LangAlpha  by ginlix-ai

AI agent for financial market analysis and investment decision support

Created 2 months ago
307 stars

Top 87.4% on SourcePulse

GitHubView on GitHub
Project Summary

LangAlpha is an AI-powered agent designed to interpret financial markets and support investment decisions through iterative research. It targets engineers, researchers, and power users seeking a persistent, compounding research environment, offering a significant benefit over traditional one-shot AI finance tools by enabling continuous refinement of investment theses.

How It Works

LangAlpha employs a novel Programmatic Tool Calling (PTC) architecture, where the agent writes and executes Python code within sandboxed environments to process financial data.

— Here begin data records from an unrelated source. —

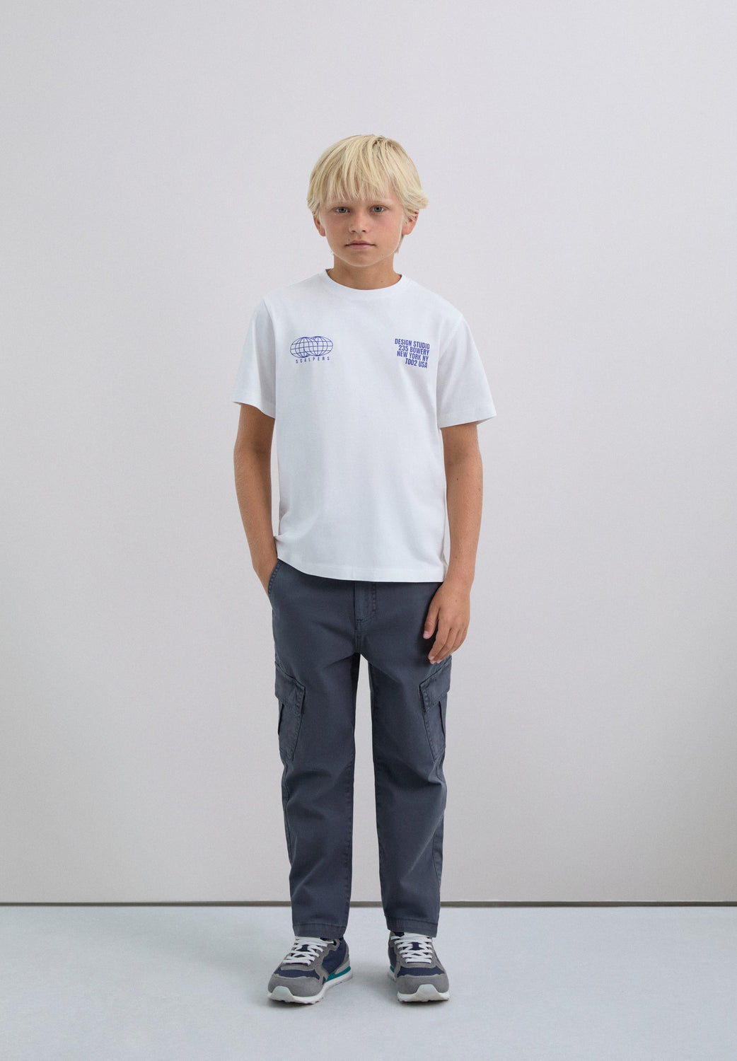 Cargo trousers made of slightly stretch BCI cotton. Regular fit, top button and zip fastening and side pockets. Belt loops at the waist and flap pockets on the leg.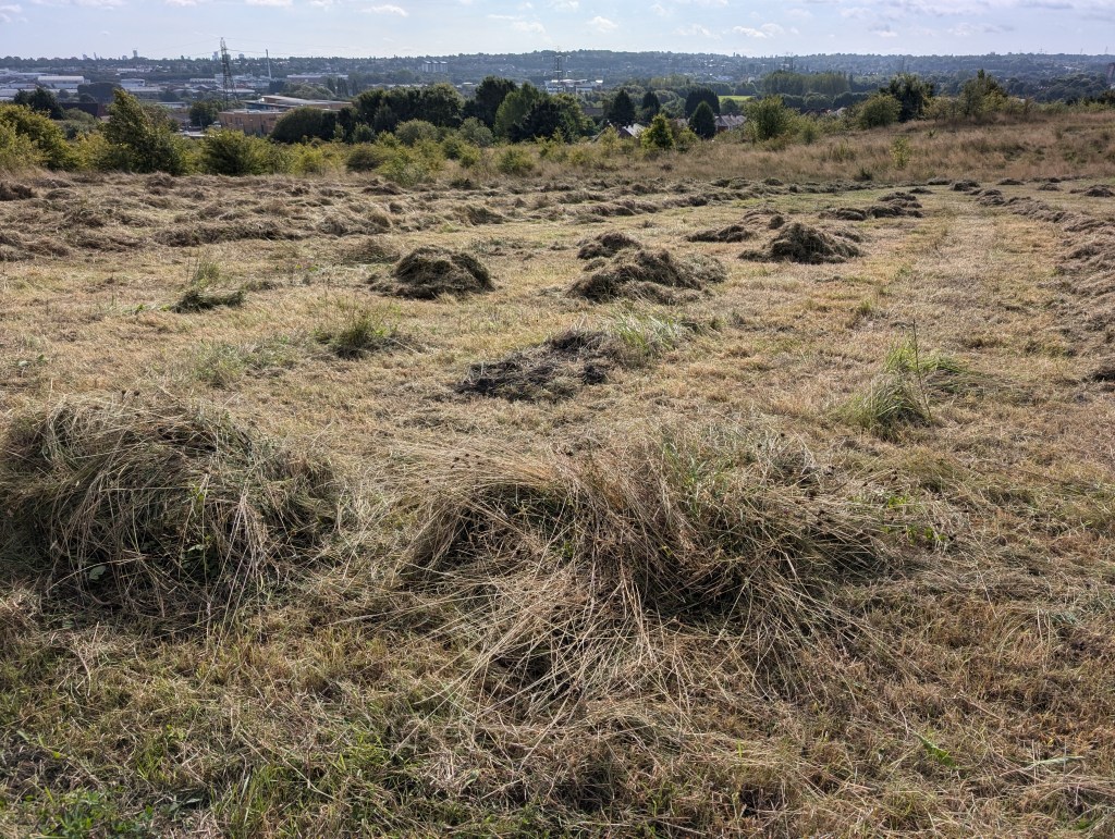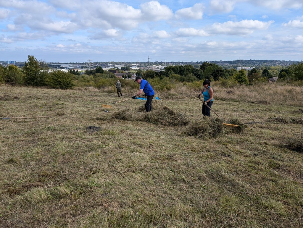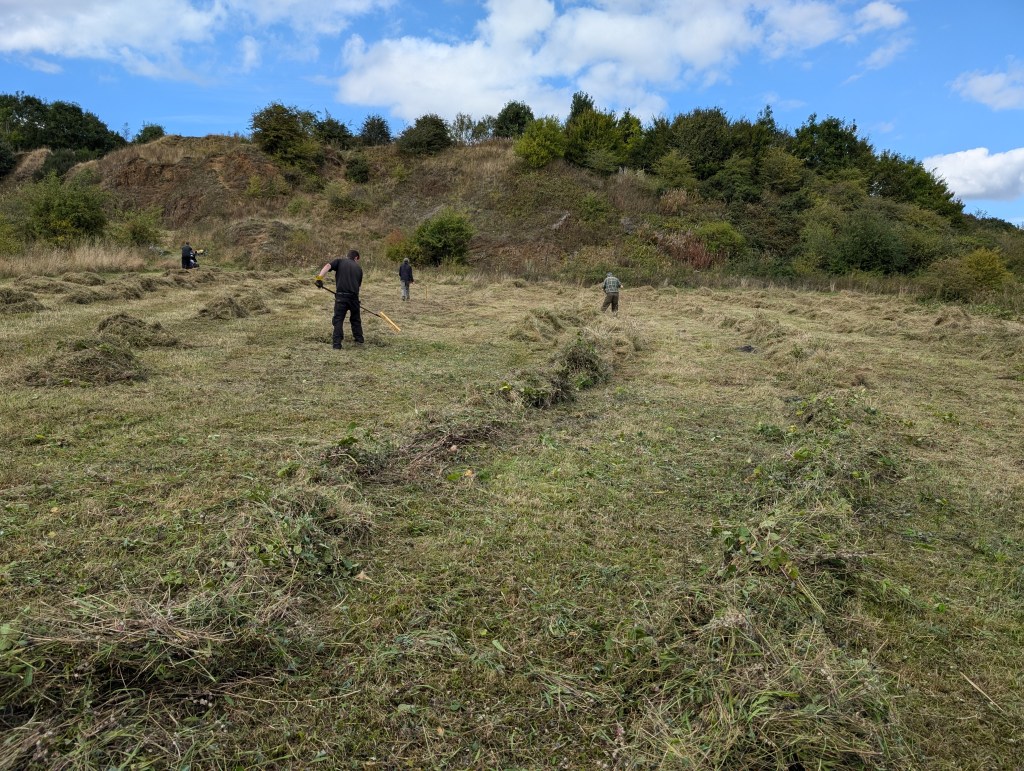 To maintain a species-rich wildflower meadow involves cutting and removing the arisings on an annual basis at an appropriate time of the year. The Wildlife Trust meadow is now a well-established wildflower meadow and by the early part of September when flowering and seeding was at an end, the meadow was ready for its annual cut. Volunteers set to work, and the resulting hay was raked into piles and then moved off the site. Reducing fertility is a key part of managing a wildflower meadow, as the poorer the soil the better it is for native wildflowers and grasses. During the raking and piling up process any seeds present will fall to the ground. Over time pernicious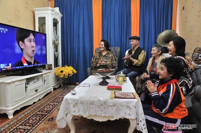 2月20日,乌鲁木齐市第十小学热爱滑雪运动的小学生莎拉·阿里木江和家人一起收看北京冬奥会中国滑冰运动员的比赛。(摄影:约提克尔·尼加提)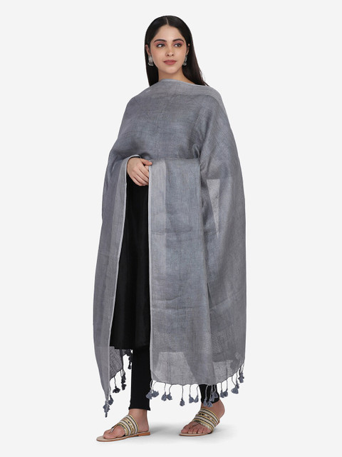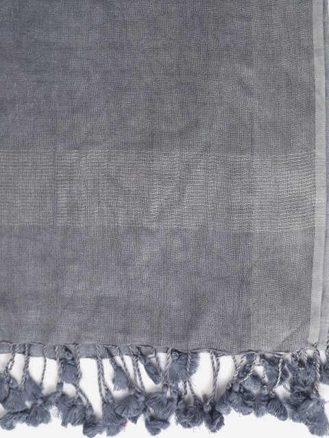 Grey solid dupatta zari, tasselled border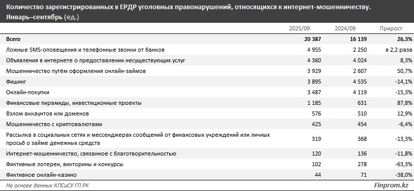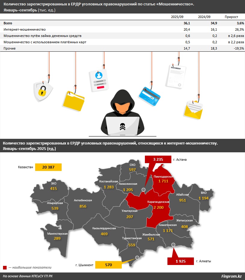 В Казахстане наблюдается очередной всплеск интернет-мошенничеств. За девять месяцев текущего года, по данным Комитета по правовой статистике и специальным учетам Генеральной прокуратуры (КПСиСУ ГП) РК, в Едином реестре досудебных расследований было зарегистрировано 20,4 тыс. уголовных правонарушений, относящихся к интернет-мошенничеству. В сравнении с аналогичным периодом 2024-го рост составил весомые 26,3%, передает Finprom.kz.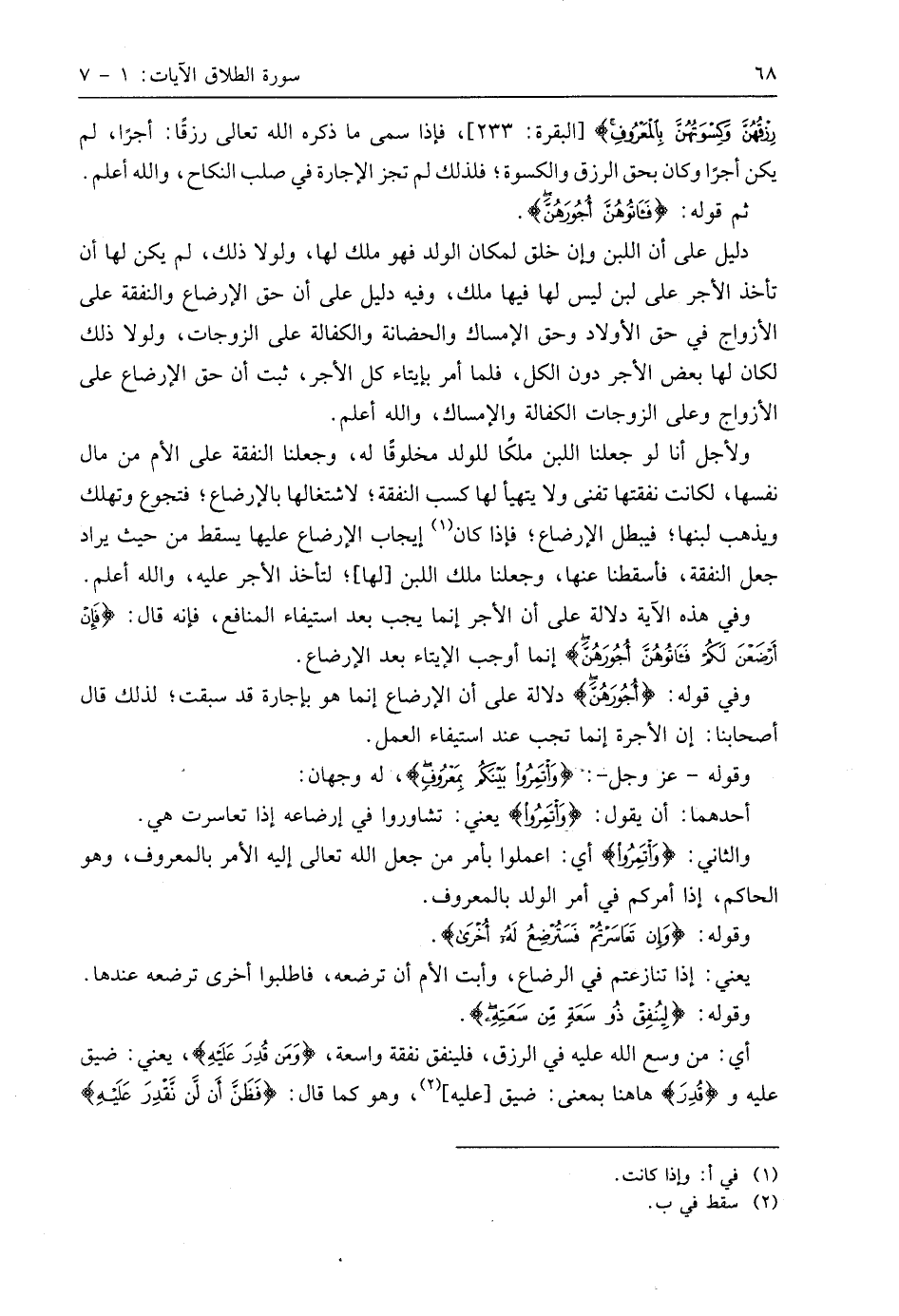 دليل على أن اللبن وإن خلق لمكان الولد فهو ملك لها، ولولا ذلك، لم يكن لها أن تأخذ الأجر على لبن ليس لها فيها ملك، وفيه دليل على أن حق الإرضاع والنفقة على الأزواج في حق الأولاد وحق الإمساك والحضانة والكفالة على الزوجات، ولولا ذلك لكان لها بعض الأجر دون الكل، فلما أمر بإيتاء كل الأجر، ثبت أن حق الإرضاع على الأزواج وعلى الزوجات الكفالة والإمساك، واللَّه أعلم.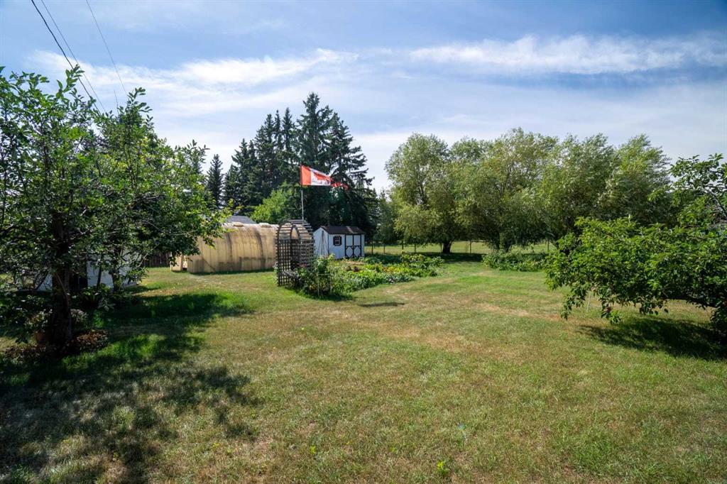 Discover the epitome of tranquil, spacious living with this stunning acreage in the charming town of Olds, Alberta. This beautifully maintained property offers the perfect retreat, blending serene rural living with convenient proximity to all the amenities Olds has to offer. The home is thoughtfully updated and well-appointed, featuring a new roof installed in 2012, new windows and doors added in 2014, and a brand-new hot water tank just this year. A modern dishwasher, installed in 2018, complements the well-designed kitchen, while efficient hot water heating ensures comfort throughout the year. The main floor laundry adds practical convenience, making daily tasks a breeze. Step inside to find a living space characterized by warmth and elegance. The living room showcases stunning brick masonry, providing a striking focal point and a cozy atmosphere. Two fireplaces add charm, though they have not been used by the current owners for some time (sold as-is). The expansive primary bedroom is a private sanctuary, complete with his and hers closets and a luxurious ensuite bathroom. The home offers three additional bedrooms on the upper level and two more in the basement, providing ample space for family and guests. The basement is also a standout feature, boasting a massive recreation room where you can enjoy leisure activities with an included pool table and accessories. Storage is plentiful throughout the home, ensuring all your belongings have a place. Outside, the property truly shines with its generous piece of land. There's ample space for outdoor activities, from running and playing to hosting large family reunions and gatherings. The yard is adorned with huge, mature trees in both the front and back, enhancing privacy and adding to the property's natural beauty. Included in the sale are three sheds, a delightful playhouse, and a greenhouse, providing endless possibilities for hobbies and storage. Experience peaceful living with incredible neighbors in a location that remains close to everything you need. With numerous extras included to help you settle into your new home, this acreage is more than just a property—it's a lifestyle. Don't miss this exceptional opportunity to make this your new home. This is truly a must-see!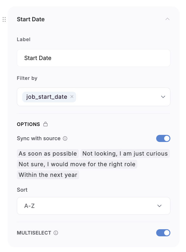 I see the synched options on a list filter when I toggle the option on, but then I see that it’s actually not working yet.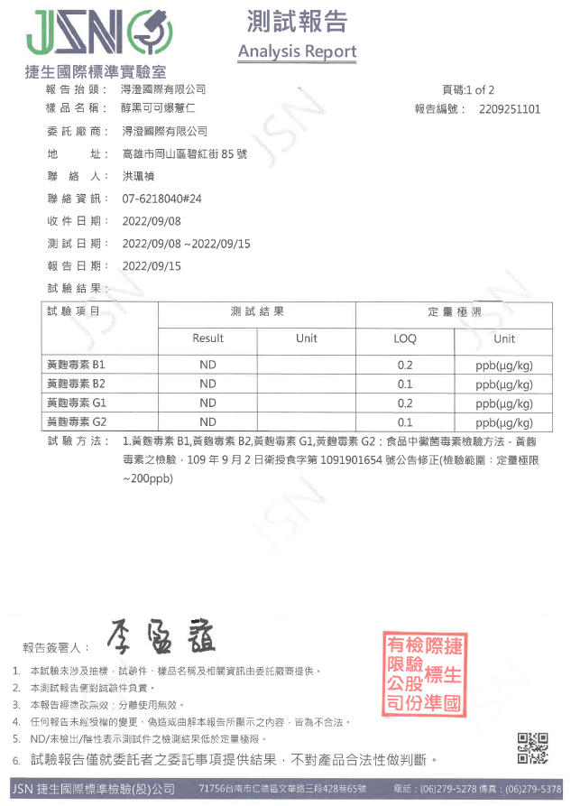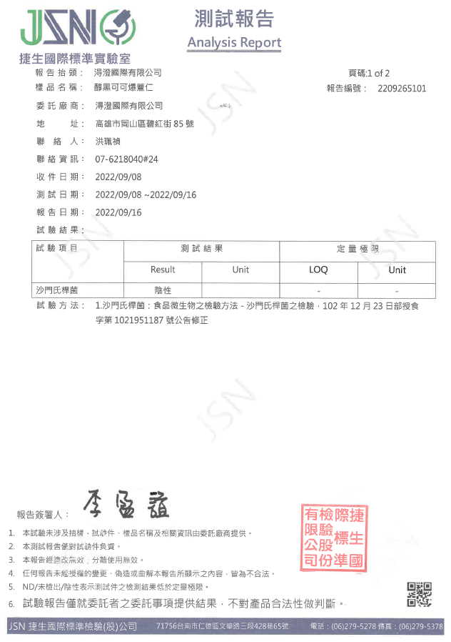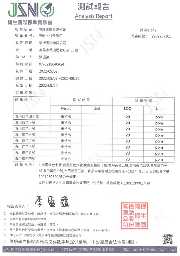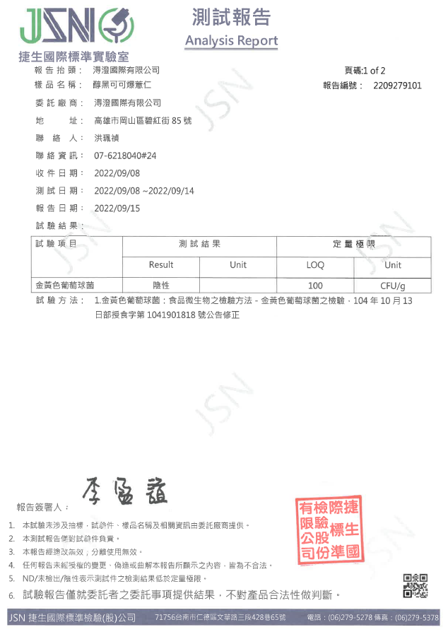 醇黑可可爆薏仁檢驗報告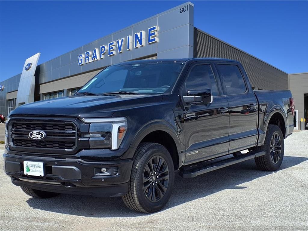 2025 Ford F-150 Lariat Black Metallic 4WD 2nd Row Heated Seats, 4 Pickup Box Tie-Down Plates, 4-Wheel Disc Brakes, 4x4 FX4 Off-Road Bodyside Decal, 8 Speakers, ABS brakes, Air Conditioning, Ambient Lighting - Ice Blue Color Only, Auto High-beam Headlights, Automatic temperature control, Bed Utility Package, BlueCruise Equipped (1-Year Plan), Brake assist, Console Worksurface, Delay-off headlights, Dual front impact airbags, Dual front side impact airbags, Electronic Locking w/3.31 Axle Ratio, Electronic Stability Control, Emergency communication system: SYNC 4 911 Assist, Equipment Group 502A High, Front anti-roll bar, Front dual zone A/C, Front fog lights, Front wheel independent suspension, Fully automatic headlights, FX4 Off-Road Package, Heads-Up Display, Hill Descent Control, Illuminated Driver & Passenger Visors, Integrated Trailer Brake Controller, LED Box Lighting, Low tire pressure warning, Memory seat, Mobile Office Package, Monotube Rear Shocks, Navigation system: Connected Navigation, Occupant sensing airbag, Off-Road Tuned Front Shock Absorbers, Overhead airbag, Panic alarm, Partitioned Lockable Rear Storage, Pedal memory, Power driver seat, Power steering, Power Tailgate, Power windows, Power-Sliding Rear Window, Pro Access Tailgate, Pro Power Onboard - 7.2KW, Radio data system, Radio: B&O Sound System by Bang & Olufsen, Radio: B&O Unleashed Sound System by Bang & Olufsen, Rear window defroster, Remote keyless entry, Rock Crawl Mode, Security system, Speed control, Steering wheel mounted audio controls, SYNC 4 w/Enhanced Voice Recognition, Tow/Haul Package, Traction control, Tray Style Floor Liner w/o Carpet Mats, Wheels: 20" Chrome-Like PVD, Wireless Charging. 3.5L PowerBoost Full-Hybrid V6 10-Speed Automatic Grapevine Ford Lincoln proudly serving the following communities. Grapevine, Southlake, Flower Mound, Coppell, Colleyville, Dallas, Ft Worth, Lewisville, Keller, Carrollton, The Colony, Frisco, Plano, Euless. We also serve customers in Argyle, Denton, Trophy Club, Northlake, Little Elm, Sanger, Murphy, Mesquite, DeSoto, Addison, Farmers Branch, University Park, Highland Park, Duncanville, Princeton, Prosper, Allen, Celina, and Farmersville. Some other cities include Fairview, Garland, Lucas, Irving, and Keller. We're right by DFW AIRPORT! Price includes: $500 - Retail Bonus Cash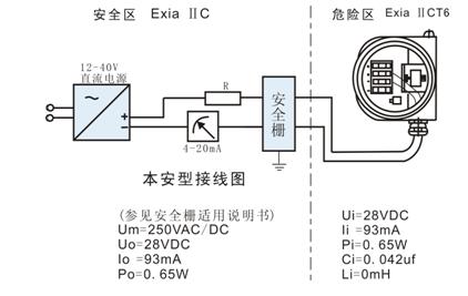 ● 本安參數(shù):Ui:28VDC,Ii:93mA,Pi:0.65W,Ci:0.042uf, Li:0mH
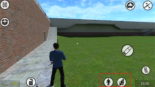 5、下方右边的两个按钮一个是跳跃,另一个是蹲;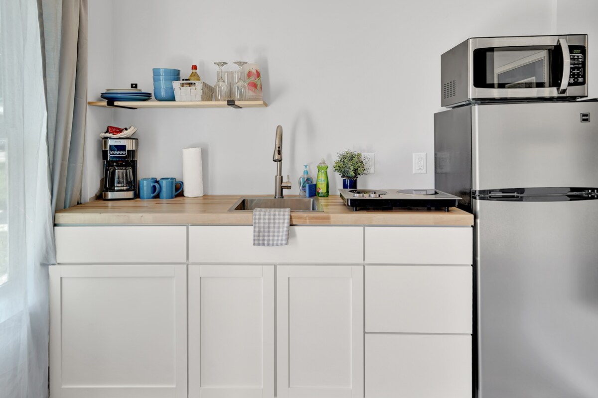 Next, stroll through the kitchen area, which features an electric cooktop (no oven), a dishwasher, a large fridge with plenty of room for food and drinks, and a kitchen sink. The kitchen is loaded with silverware, cups, plates, pots and pans, and everything else you need to make your stay unforgettable.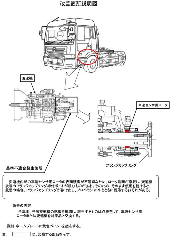 2.改善の内容 全車両、当該変速機の銘板を確認し、該当するものは点検をして、車速センサ用ロータまたは変速機を対策品と交換します。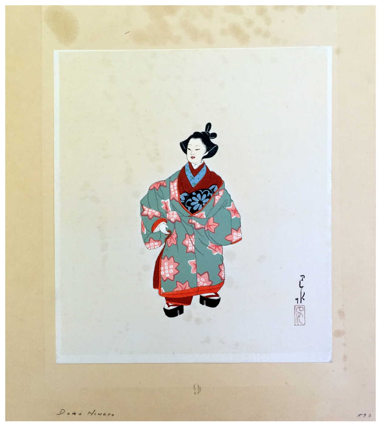 Notes: From the series of 24 designs of doll prints "Gosho Ningyo" which were printed by Kato Junji and published from Meiji Shobo. The original publisher's inventory number is "9".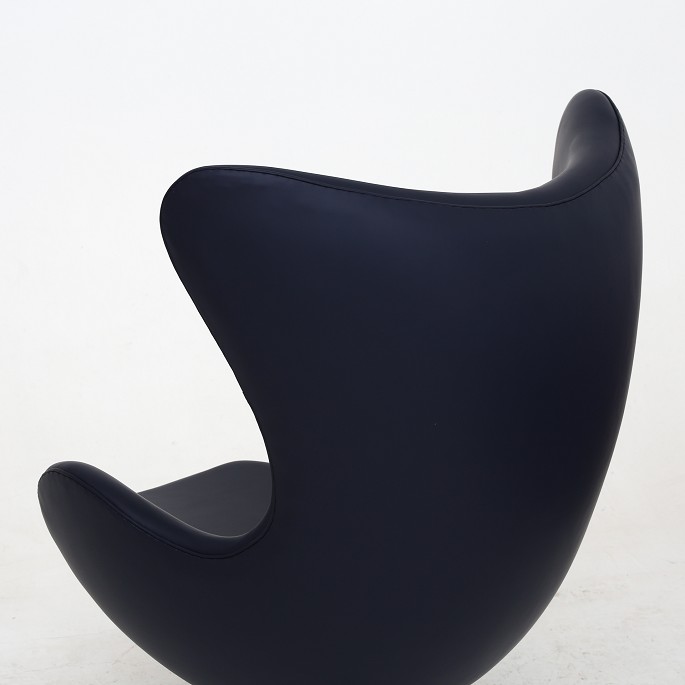 AJ 3316 - Reupholstered 'The Egg' lounge chair in Spectrum Adria leather with tilt function. KLASSIK offers upholstery of the sofa in fabric or leather of your choice.

This approach dramatically reduces token waste and enables complex, multi-step analyses that would otherwise exceed LLM context limits. Research is organized into persistent workspaces, each mapping to a dedicated sandbox with structured directories and a persistent memory file (agent.md) that compounds research across sessions. An agent swarm model allows parallel execution of specialized subagents, enhancing efficiency and enabling mid-execution steering for course correction.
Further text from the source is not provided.